Given  that  we  now  have  a  function  that  can  perform  an  optimised  superimposition  of

coordinate  arrays,  another  function  is  required  that  will  apply  the  procedure  to  Structure

objects. Accordingly, we define a function that takes a list of such objects, from which the

coordinate  arrays  can  be  extracted,  perform  the  coordinate  superimposition,  and  then

update the original Atom objects with the new coordinates. This function requires a way

of  getting  the  weightings  of  different  types  of  atoms,  so  we  use  the  previously  defined

ATOMIC_NUMS to give that information, although it is likely that in practical situations

such a dictionary will be defined in another, more general module.
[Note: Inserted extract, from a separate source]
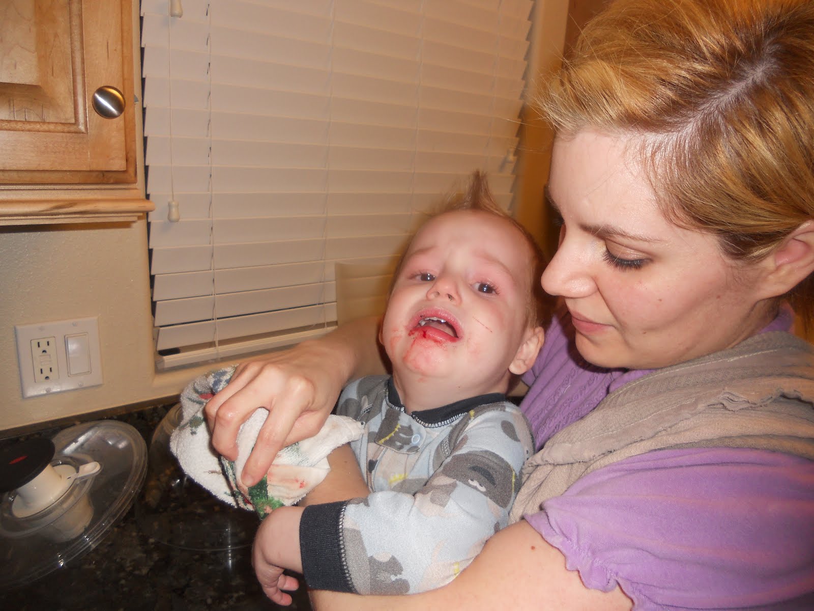 After getting the back to my parents house and in jammies Regan decided to take a dive into the coffee table. The amount of blood was spectacular. My Dad knows me too too well and was right there with his camera before I could even ask. My Mom thought we were crazy, but I like to document the good, the bad, and the ugly. I was pleasantly surprised at how fast a split lip heals.

def superimposeStructures(structures):

In the function the weights variable is initially set to None, although it will be set to a

list of numbers once we come across the first structure object. Then we define an empty

list  to  contain  all  of  the  coordinates  for  all  of  the  structures;  this  will  be  a  list  of  two-

dimensional arrays.

weights = None

allCoords = []

The  structures  are  inspected  in  turn  inside  a  loop,  and  for  each  we  use  the  existing

getAtomCoords() function to get the coordinate array and the corresponding list of Atom

objects. In essence, we convert from our data model to NumPy arrays. Also in the loop we

define the list of weights, if it is not already defined, by using the atomic numbers of the

atoms, which we look up in a dictionary. This of course assumes that the weights for one

structure  will  do  for  all  structures,  a  reasonable  assumption  because  we  are  only

superimposing  the  same  kinds  of  atoms.  Next  the  coordinates  are  redefined  by  moving

them to the centre (zero on all axes), using the centerCoords() function and respecting the

atom weights, which are now in an array object. Finally at the end of the loop the centred

coordinate array is put in the list containing all coordinates.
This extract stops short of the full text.